▸ **Task description**: Within the records below, find the line with "Corta una tira" and the line with "江蘇華方建設(shè)有限公", then reproduce exactly those two lines and all lines between them, without any picture.

------

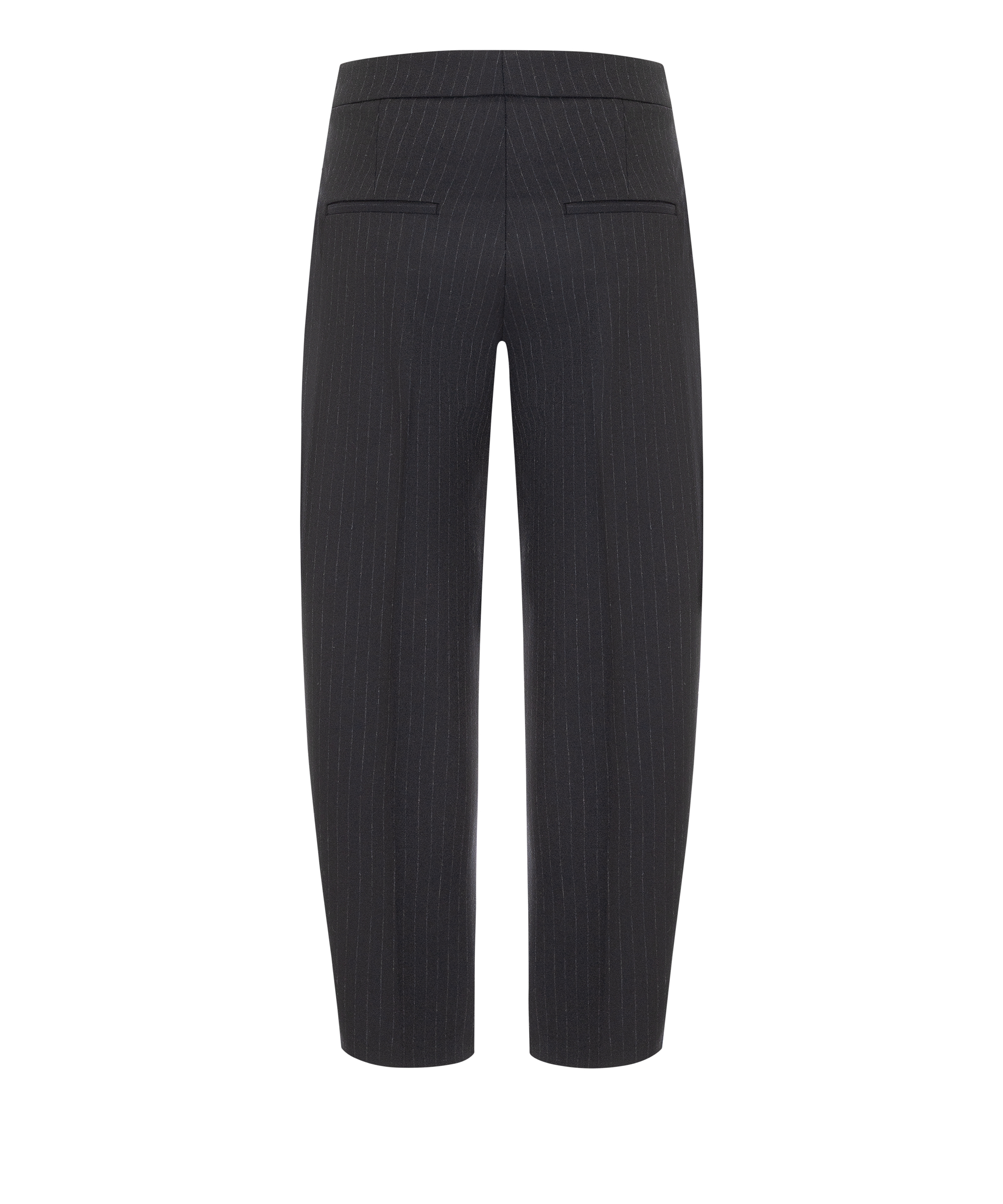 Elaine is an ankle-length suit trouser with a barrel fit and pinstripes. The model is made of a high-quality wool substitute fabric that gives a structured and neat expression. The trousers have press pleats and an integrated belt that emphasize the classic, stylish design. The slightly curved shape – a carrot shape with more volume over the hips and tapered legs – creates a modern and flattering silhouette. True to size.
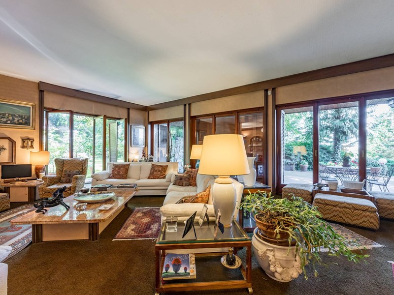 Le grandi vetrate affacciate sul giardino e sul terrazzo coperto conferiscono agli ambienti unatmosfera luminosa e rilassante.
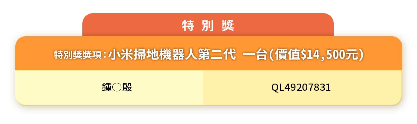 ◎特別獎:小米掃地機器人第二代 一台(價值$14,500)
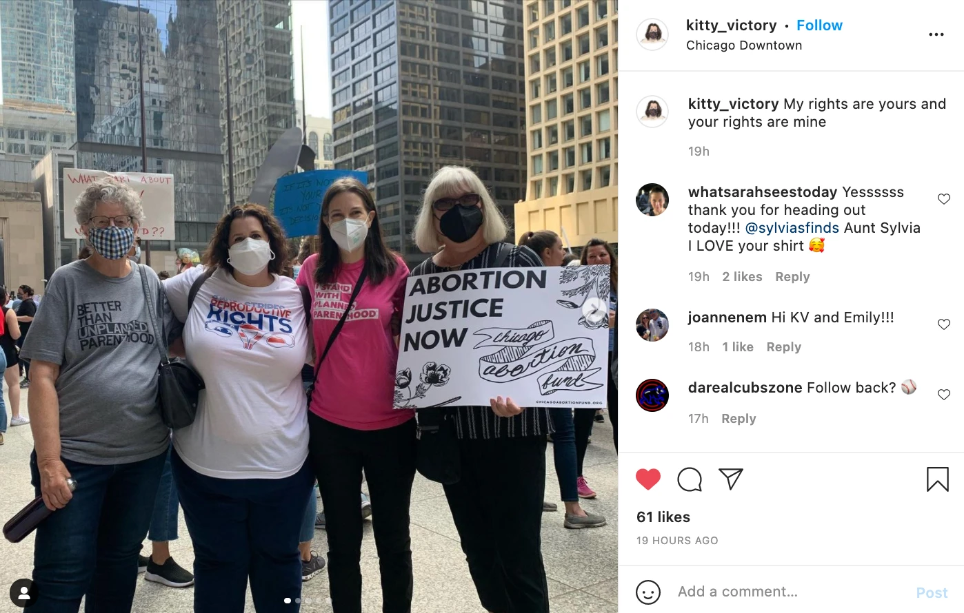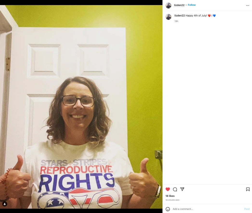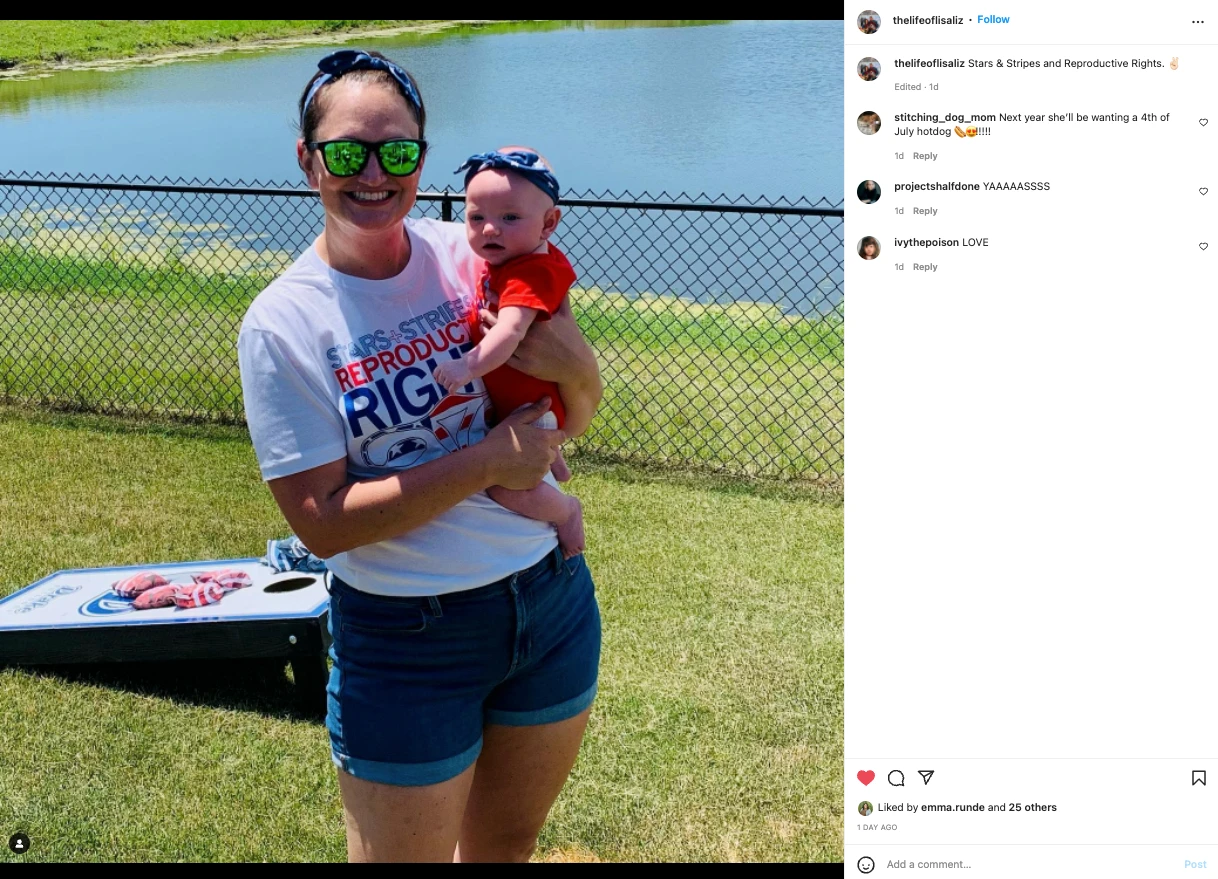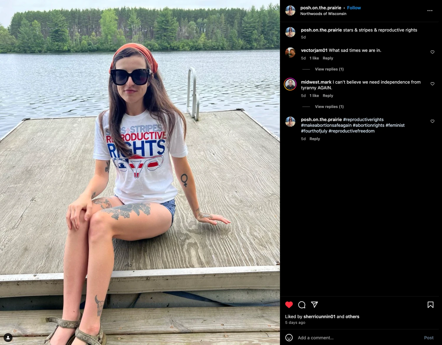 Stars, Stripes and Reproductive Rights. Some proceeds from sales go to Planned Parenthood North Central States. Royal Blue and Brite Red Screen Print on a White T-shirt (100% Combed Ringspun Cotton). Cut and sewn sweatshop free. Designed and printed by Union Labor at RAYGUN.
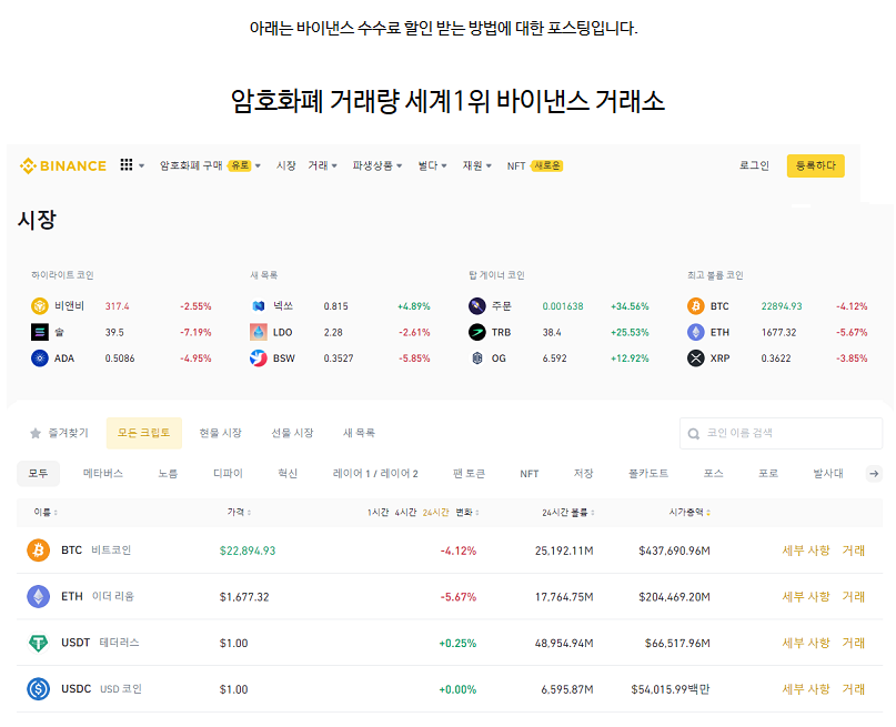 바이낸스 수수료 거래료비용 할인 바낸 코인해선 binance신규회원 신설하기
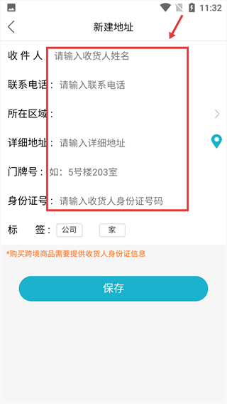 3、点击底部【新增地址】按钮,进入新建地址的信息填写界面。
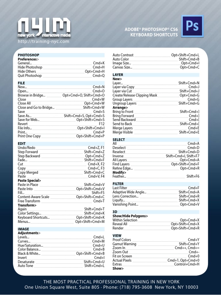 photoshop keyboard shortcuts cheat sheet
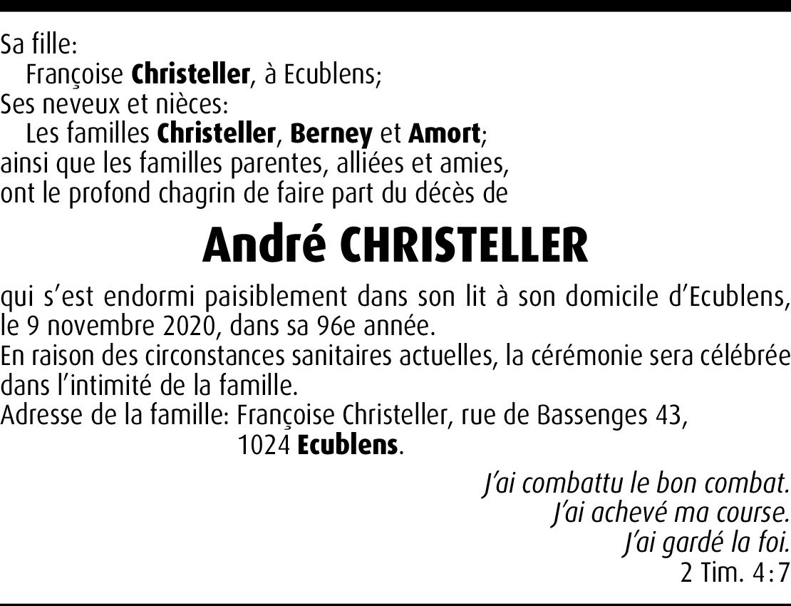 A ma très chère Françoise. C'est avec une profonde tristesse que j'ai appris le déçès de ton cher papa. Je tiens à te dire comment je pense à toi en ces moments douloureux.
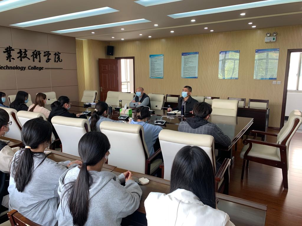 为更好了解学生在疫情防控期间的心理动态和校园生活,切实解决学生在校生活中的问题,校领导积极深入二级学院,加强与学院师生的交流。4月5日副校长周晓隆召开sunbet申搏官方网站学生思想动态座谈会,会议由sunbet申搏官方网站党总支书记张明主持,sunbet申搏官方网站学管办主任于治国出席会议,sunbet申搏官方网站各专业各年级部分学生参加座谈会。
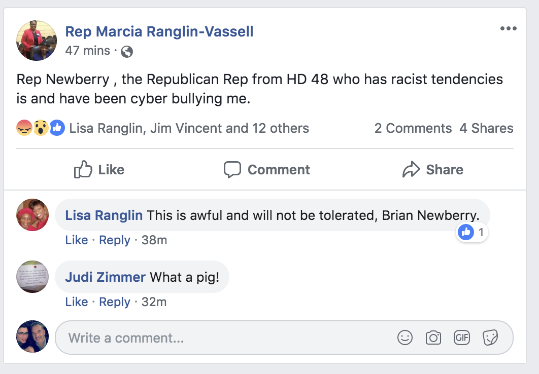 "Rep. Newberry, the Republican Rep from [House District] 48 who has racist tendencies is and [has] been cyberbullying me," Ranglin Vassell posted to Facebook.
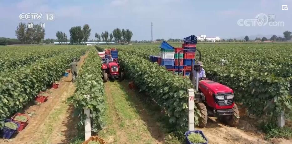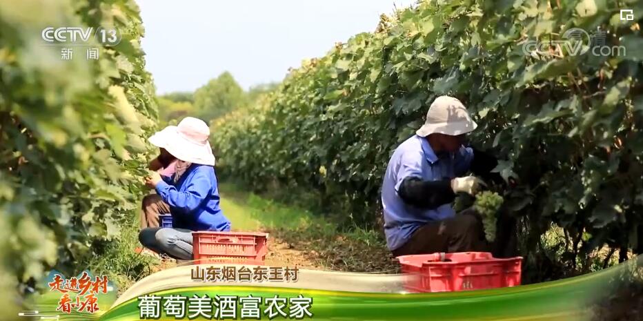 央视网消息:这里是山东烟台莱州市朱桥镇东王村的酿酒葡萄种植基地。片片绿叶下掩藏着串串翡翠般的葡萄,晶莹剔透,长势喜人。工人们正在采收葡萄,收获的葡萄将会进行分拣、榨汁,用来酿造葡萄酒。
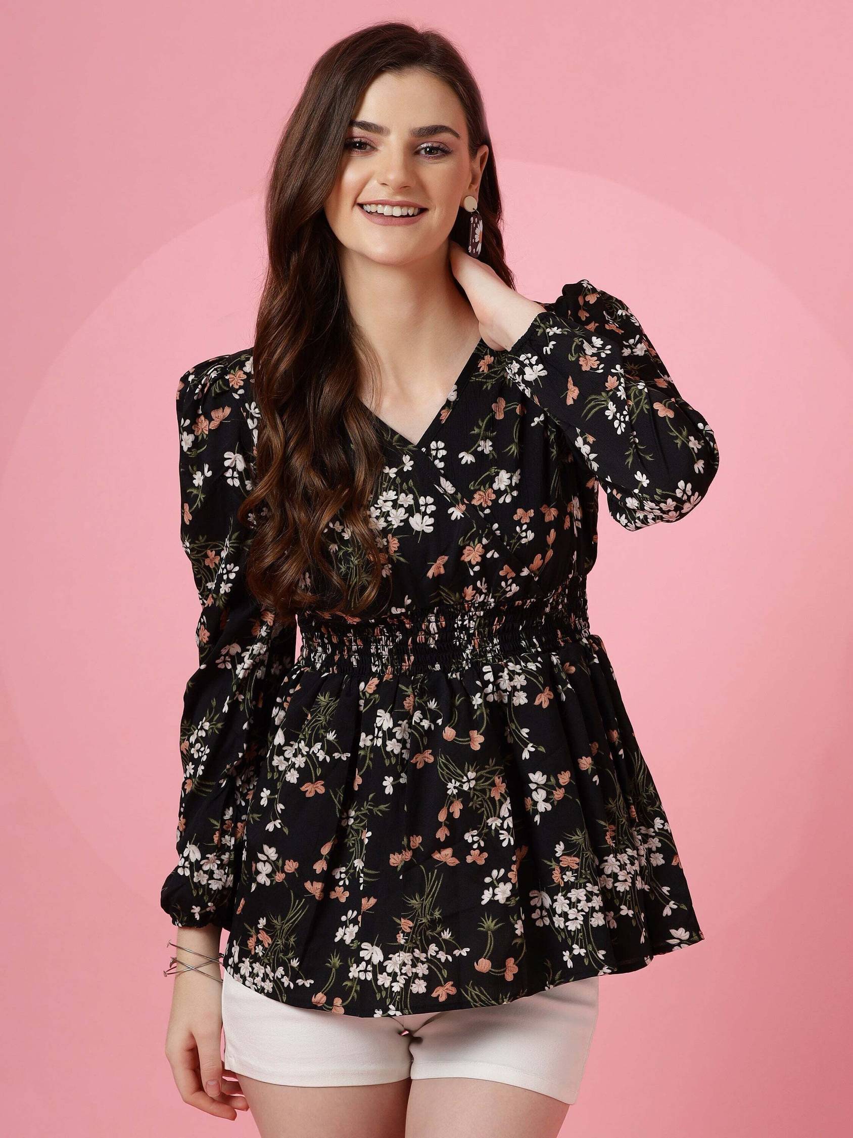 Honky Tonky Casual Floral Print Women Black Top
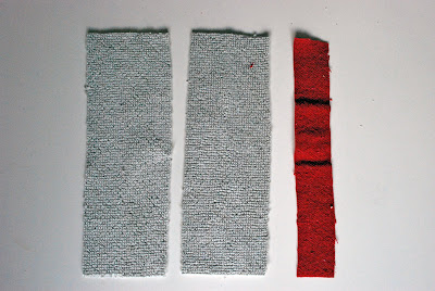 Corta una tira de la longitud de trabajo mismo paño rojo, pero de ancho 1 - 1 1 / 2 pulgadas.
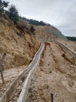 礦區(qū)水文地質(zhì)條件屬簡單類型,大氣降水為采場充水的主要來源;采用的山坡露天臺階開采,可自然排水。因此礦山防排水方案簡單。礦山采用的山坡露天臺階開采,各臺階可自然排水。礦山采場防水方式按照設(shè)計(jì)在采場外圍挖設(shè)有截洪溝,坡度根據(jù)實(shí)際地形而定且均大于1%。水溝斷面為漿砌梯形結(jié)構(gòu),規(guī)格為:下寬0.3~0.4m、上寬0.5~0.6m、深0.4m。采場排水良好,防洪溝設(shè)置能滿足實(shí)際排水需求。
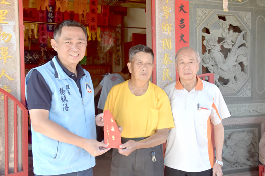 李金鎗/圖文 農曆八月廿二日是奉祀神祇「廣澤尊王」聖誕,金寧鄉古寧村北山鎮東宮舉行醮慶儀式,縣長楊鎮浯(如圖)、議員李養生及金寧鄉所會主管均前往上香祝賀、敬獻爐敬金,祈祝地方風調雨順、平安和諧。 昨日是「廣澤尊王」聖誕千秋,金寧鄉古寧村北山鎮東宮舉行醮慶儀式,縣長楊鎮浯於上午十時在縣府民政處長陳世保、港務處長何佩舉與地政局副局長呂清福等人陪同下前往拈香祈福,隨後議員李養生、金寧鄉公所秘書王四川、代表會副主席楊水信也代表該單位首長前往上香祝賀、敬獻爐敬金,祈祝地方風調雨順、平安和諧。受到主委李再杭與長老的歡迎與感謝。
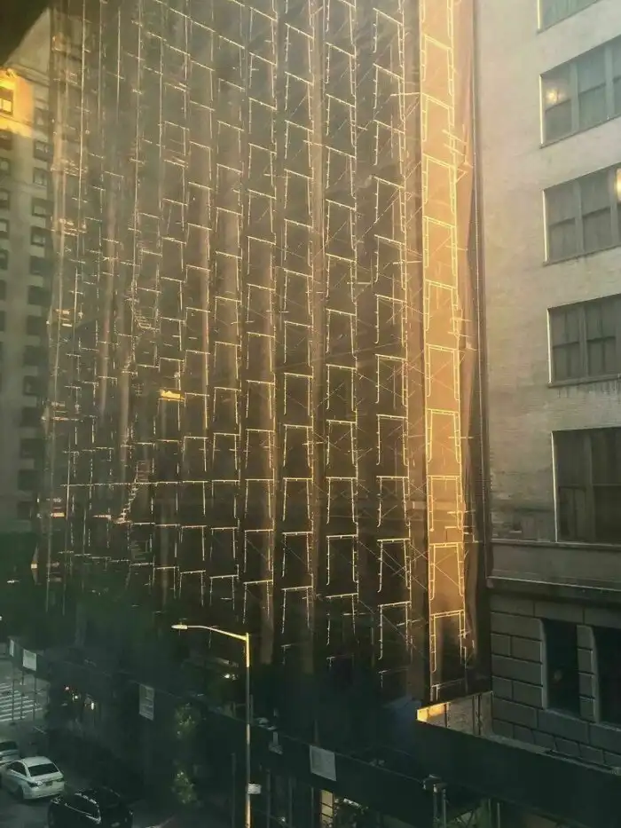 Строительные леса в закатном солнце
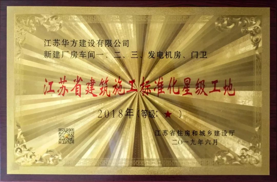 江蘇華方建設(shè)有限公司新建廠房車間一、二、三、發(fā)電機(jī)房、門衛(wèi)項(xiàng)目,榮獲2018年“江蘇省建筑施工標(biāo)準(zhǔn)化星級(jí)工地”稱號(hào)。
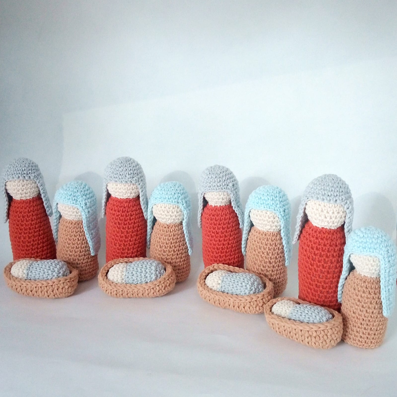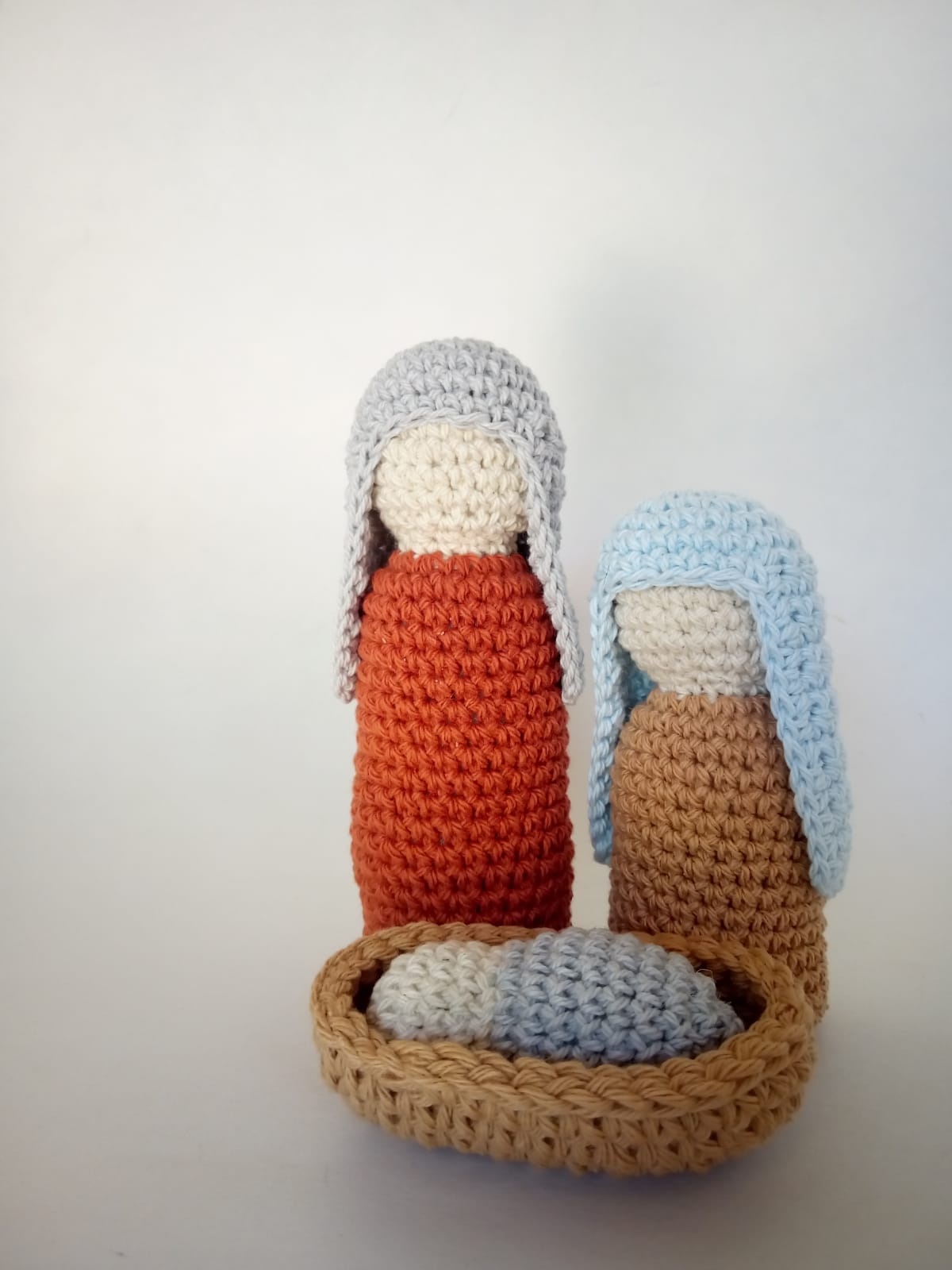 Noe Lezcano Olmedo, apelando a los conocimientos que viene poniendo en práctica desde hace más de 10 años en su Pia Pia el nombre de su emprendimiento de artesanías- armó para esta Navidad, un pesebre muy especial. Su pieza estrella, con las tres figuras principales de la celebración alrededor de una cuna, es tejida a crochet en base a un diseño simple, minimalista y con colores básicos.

------

▸ **Solution**:
 Corta una tira de la longitud de trabajo mismo paño rojo, pero de ancho 1 - 1 1 / 2 pulgadas.
 礦區(qū)水文地質(zhì)條件屬簡單類型,大氣降水為采場充水的主要來源;采用的山坡露天臺階開采,可自然排水。因此礦山防排水方案簡單。礦山采用的山坡露天臺階開采,各臺階可自然排水。礦山采場防水方式按照設(shè)計(jì)在采場外圍挖設(shè)有截洪溝,坡度根據(jù)實(shí)際地形而定且均大于1%。水溝斷面為漿砌梯形結(jié)構(gòu),規(guī)格為:下寬0.3~0.4m、上寬0.5~0.6m、深0.4m。采場排水良好,防洪溝設(shè)置能滿足實(shí)際排水需求。
 李金鎗/圖文 農曆八月廿二日是奉祀神祇「廣澤尊王」聖誕,金寧鄉古寧村北山鎮東宮舉行醮慶儀式,縣長楊鎮浯(如圖)、議員李養生及金寧鄉所會主管均前往上香祝賀、敬獻爐敬金,祈祝地方風調雨順、平安和諧。 昨日是「廣澤尊王」聖誕千秋,金寧鄉古寧村北山鎮東宮舉行醮慶儀式,縣長楊鎮浯於上午十時在縣府民政處長陳世保、港務處長何佩舉與地政局副局長呂清福等人陪同下前往拈香祈福,隨後議員李養生、金寧鄉公所秘書王四川、代表會副主席楊水信也代表該單位首長前往上香祝賀、敬獻爐敬金,祈祝地方風調雨順、平安和諧。受到主委李再杭與長老的歡迎與感謝。
 Строительные леса в закатном солнце
 江蘇華方建設(shè)有限公司新建廠房車間一、二、三、發(fā)電機(jī)房、門衛(wèi)項(xiàng)目,榮獲2018年“江蘇省建筑施工標(biāo)準(zhǔn)化星級(jí)工地”稱號(hào)。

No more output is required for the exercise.